┌──

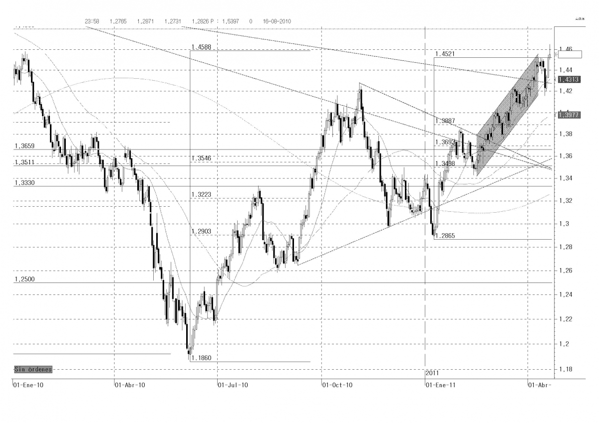 Por otra parte, tenemos que fijarnos en la cotización del euro-dolar. Desde que a principios de Enero, tocase mínimos en 1,2870, se ha revalorizado más de un 13 %, hasta cerrar el jueves en 1,4553, después de tocar un máximo en 1,4650, niveles que perdió en diciembre de 2009. Ha roto también la directriz bajista de largo plazo, que une los máximos de 2008 y 2009, lo cual da consistencia a la subida que experimenta la cotización. Todo ello, en un escenario convulsivo de la deuda soberana de algunos países, llamados periféricos, de la U.E., entre los que se cuenta España, quinta potencia de la Unión europea por su PIB, según paridad del poder adquisitivo.
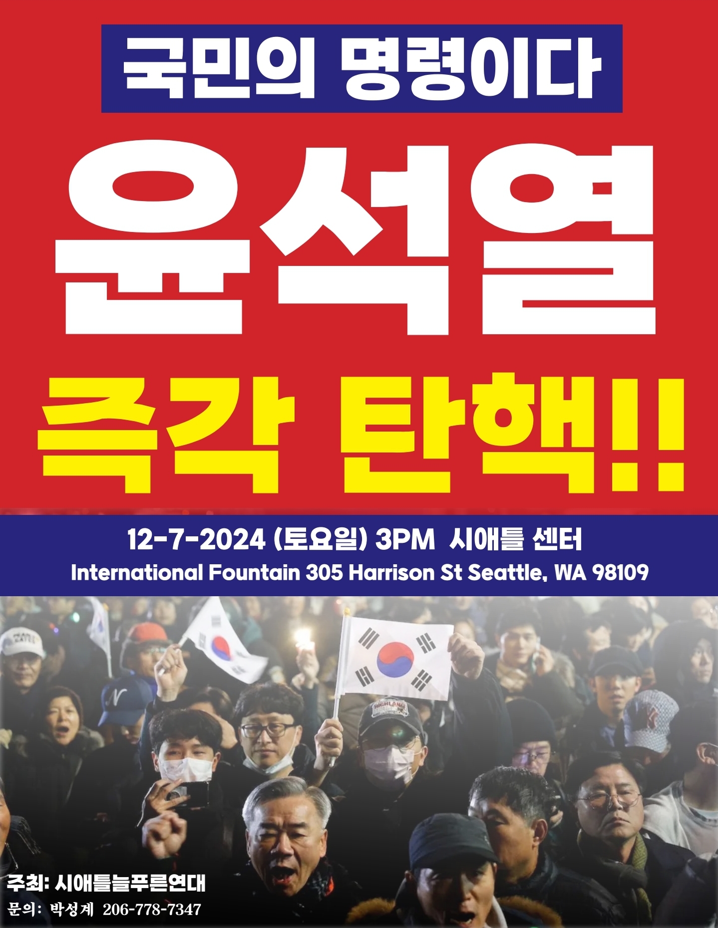 한국시간으로 지난 3일 밤 비상계엄을 선포한 윤석열 대통령의 탄핵이 추진되고 있는 가운데 시애틀에서도 윤 대통령의 탄핵을 촉구하는 시위가 벌어진다.
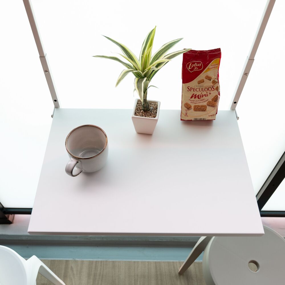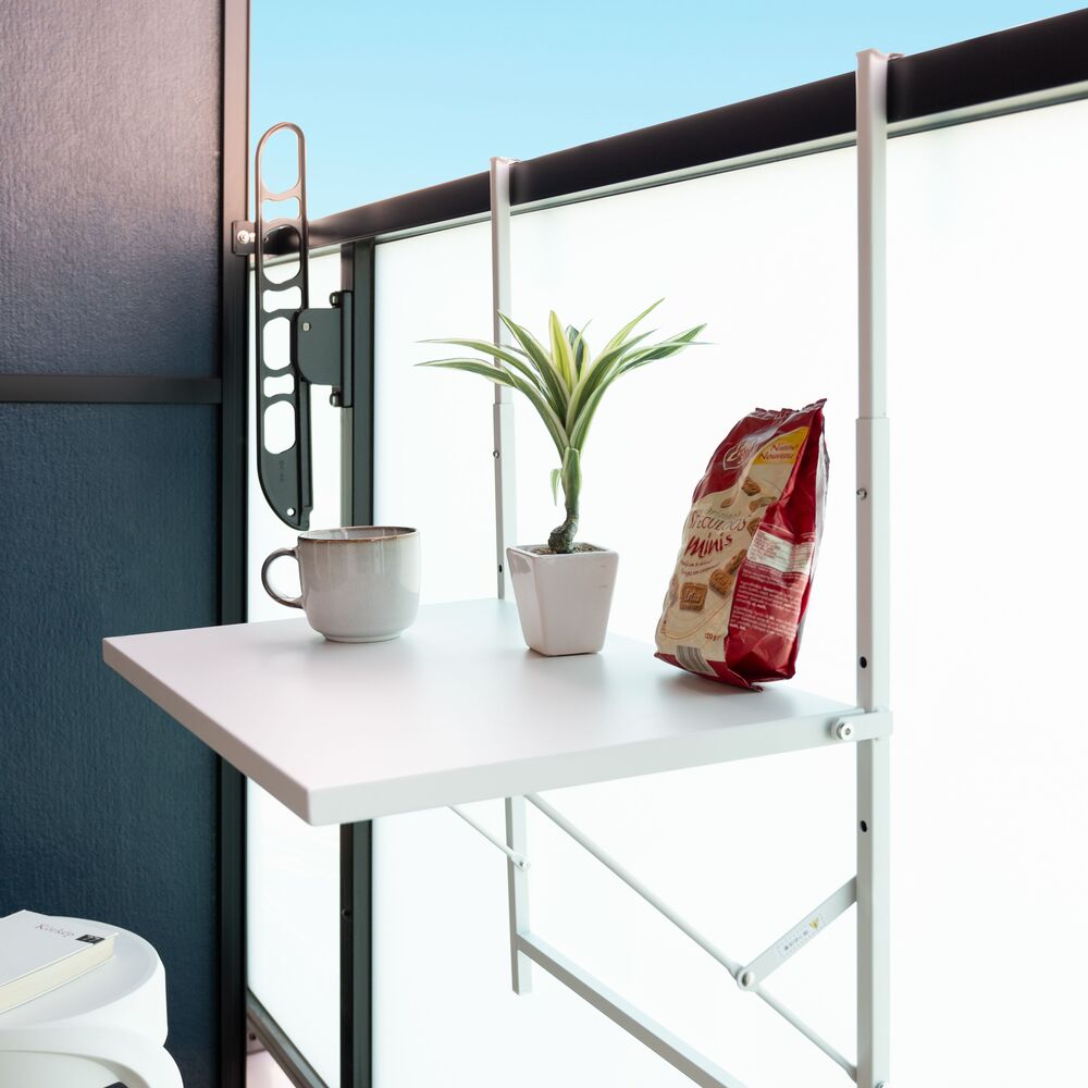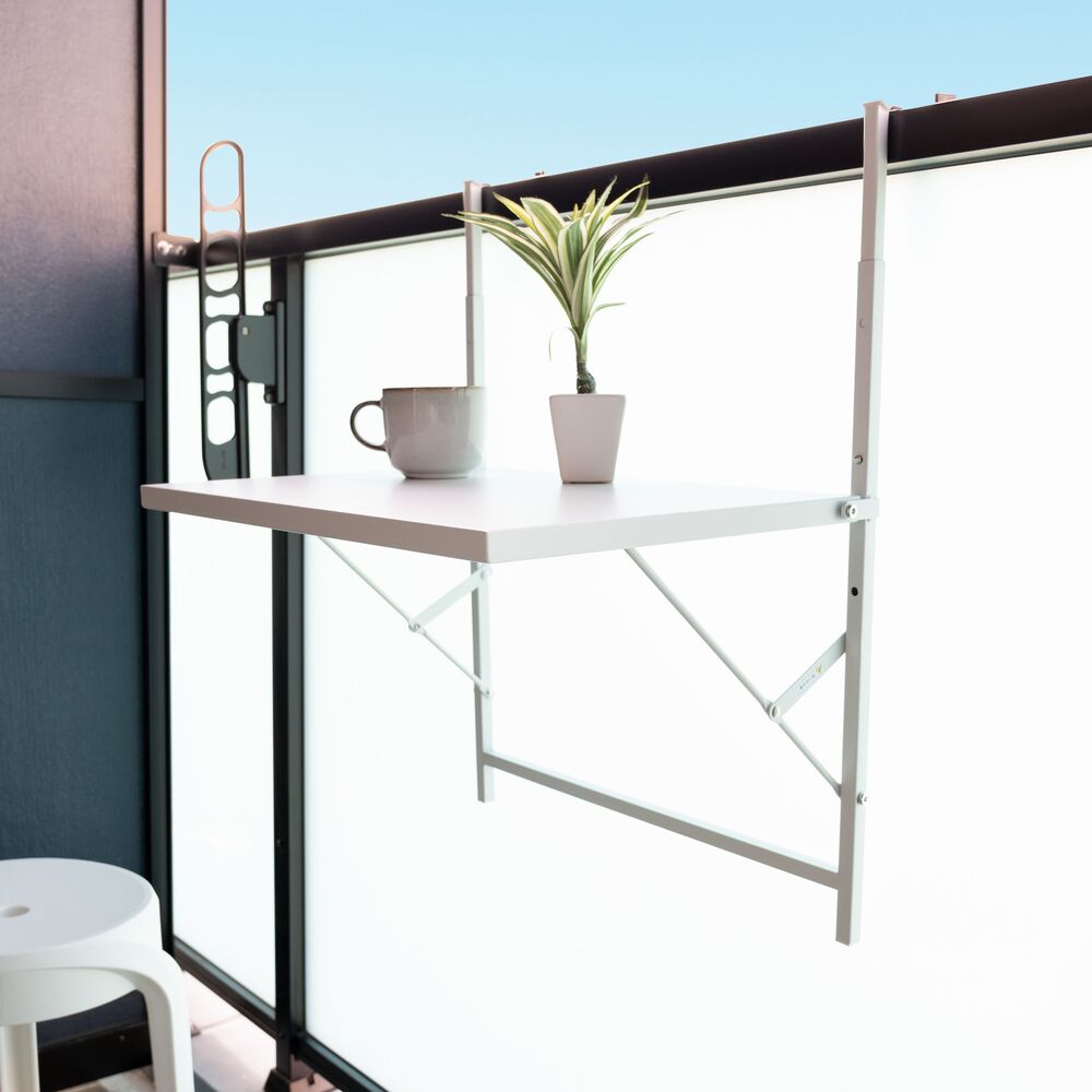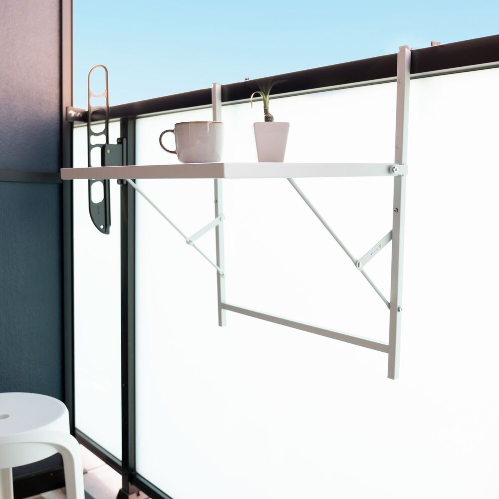 このテーブルは、ベランダの柵に引っ掛けるだけで、あっという間にあなただけの特等席を作り出します。
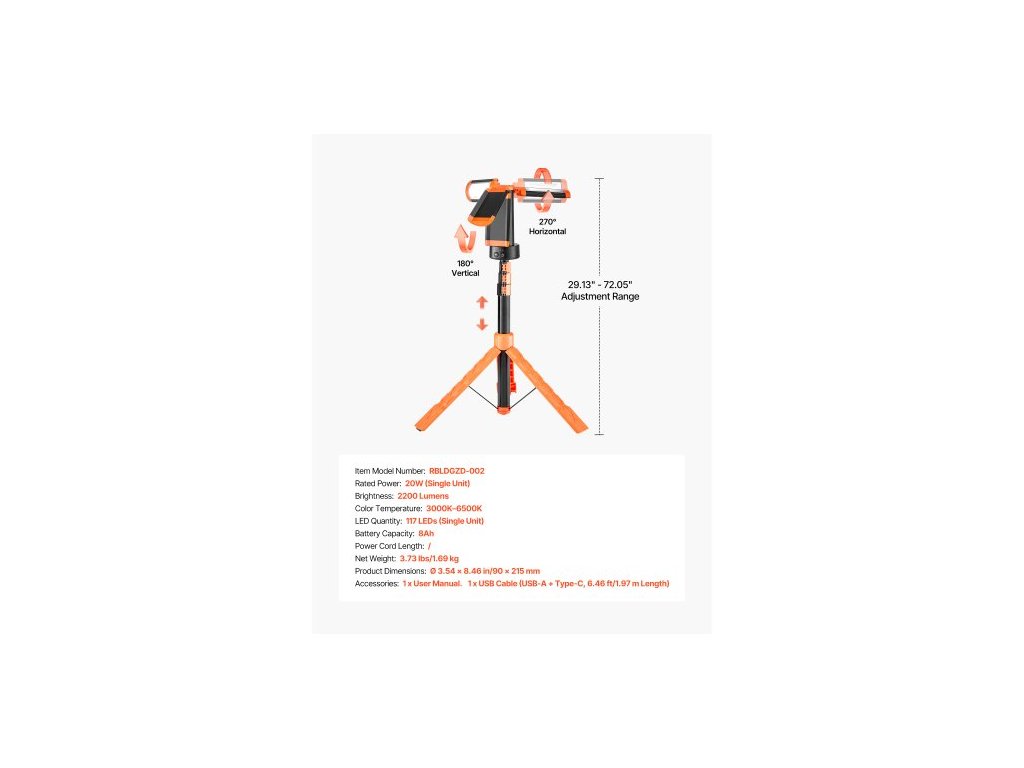 Délka napájecího kabelu: /, Počet LED: 117 LED (jedna jednotka), Kapacita baterie: 8 Ah, Teplota barev: 3000K–6500K, Jas: 2200 lumenů, Číslo modelu položky: RBLDGZD-002, Jmenovitý výkon: 20W (jedna jednotka), Rozměry výrobku: O 3,54 x 8,46 palce/90 x 215 mm, Čistá hmotnost: 3,73 1,69 kg

└──

The result should be the full listing, retyped exactly and free of pictures.

 Por otra parte, tenemos que fijarnos en la cotización del euro-dolar. Desde que a principios de Enero, tocase mínimos en 1,2870, se ha revalorizado más de un 13 %, hasta cerrar el jueves en 1,4553, después de tocar un máximo en 1,4650, niveles que perdió en diciembre de 2009. Ha roto también la directriz bajista de largo plazo, que une los máximos de 2008 y 2009, lo cual da consistencia a la subida que experimenta la cotización. Todo ello, en un escenario convulsivo de la deuda soberana de algunos países, llamados periféricos, de la U.E., entre los que se cuenta España, quinta potencia de la Unión europea por su PIB, según paridad del poder adquisitivo.
 한국시간으로 지난 3일 밤 비상계엄을 선포한 윤석열 대통령의 탄핵이 추진되고 있는 가운데 시애틀에서도 윤 대통령의 탄핵을 촉구하는 시위가 벌어진다.
 このテーブルは、ベランダの柵に引っ掛けるだけで、あっという間にあなただけの特等席を作り出します。
 Délka napájecího kabelu: /, Počet LED: 117 LED (jedna jednotka), Kapacita baterie: 8 Ah, Teplota barev: 3000K–6500K, Jas: 2200 lumenů, Číslo modelu položky: RBLDGZD-002, Jmenovitý výkon: 20W (jedna jednotka), Rozměry výrobku: O 3,54 x 8,46 palce/90 x 215 mm, Čistá hmotnost: 3,73 1,69 kg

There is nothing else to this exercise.